Standard for Electrical Safety in the Workplace
|Publication Date:||1 January 2015|
Foreword to NFPA 70E
The Standards Council of the National Fire Protection Association announced on January 7, 1976, the formal appointment of a new electrical standards development committee. Entitled the Committee on Electrical Safety Requirements for Employee Workplaces, NFPA 70E, this new committee reported to the Association through the Technical Correlating Committee on National Electrical Code®. This committee was formed to assist OSHA in preparing electrical safety standards that would serve OSHA's needs and that could be expeditiously promulgated through the provisions of Section 6(b) of the Occupational Safety and Health Act. OSHA found that in attempting to utilize the latest edition of NFPA 70®, National Electrical Code® (NEC®), it was confronted with the following problems:
(1) Updating to a new edition of the NEC would have to be accomplished through the OSHA 6(b) procedures. OSHA adopted the 1968 and then the 1971 NEC under Section 6(a) procedures of the Occupational Safety and Health Act of 1970. Today, however, OSHA can only adopt or modify a standard by the procedures of Section 6(b) of the OSHA Act, which provide for public notice, opportunity for public comment, and public hearings. The adoption of a new edition of the NEC by these procedures would require extensive effort and application of resources by OSHA and others. Even so, going through the Section 6(b) procedures might result in requirements substantially different from those of the NEC, thereby creating the problem of conflict between the OSHA standard and other national and local standards.
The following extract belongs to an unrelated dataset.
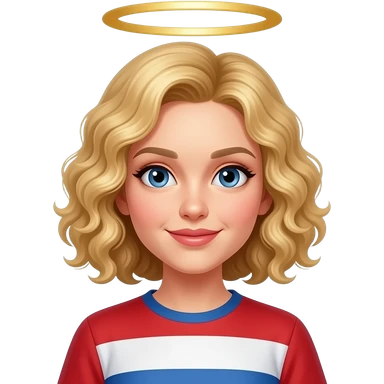blonde curly bob with halo on top of head in red, white and blue shirt emoji
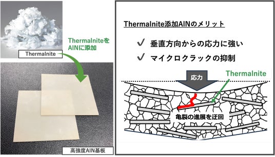 現在、両社は従来のAlN基板の機械強度を2倍近く向上させた次世代高強度AlN基板の量産化を目指しています。この新製品は、5G・6G通信モジュールや再生可能エネルギー分野で注目されるSiC/GaNを活用した次世代パワーデバイスの熱課題解決に寄与することが期待されています。

(2) The NEC is intended for use primarily by those who design, install, and inspect electrical installations. OSHA's electrical regulations address employers and employees in their workplaces. The technical content and complexity of the NEC is extremely difficult for the average employer and employee to understand.
(3) Some of the detailed provisions within the NEC are not directly related to employee safety and, therefore, are of little value for OSHA's needs.
(4) Requirements for electrical safety-related work practices and maintenance of the electrical system considered critical to safety are not found in the NEC, which is essentially an electrical installation document.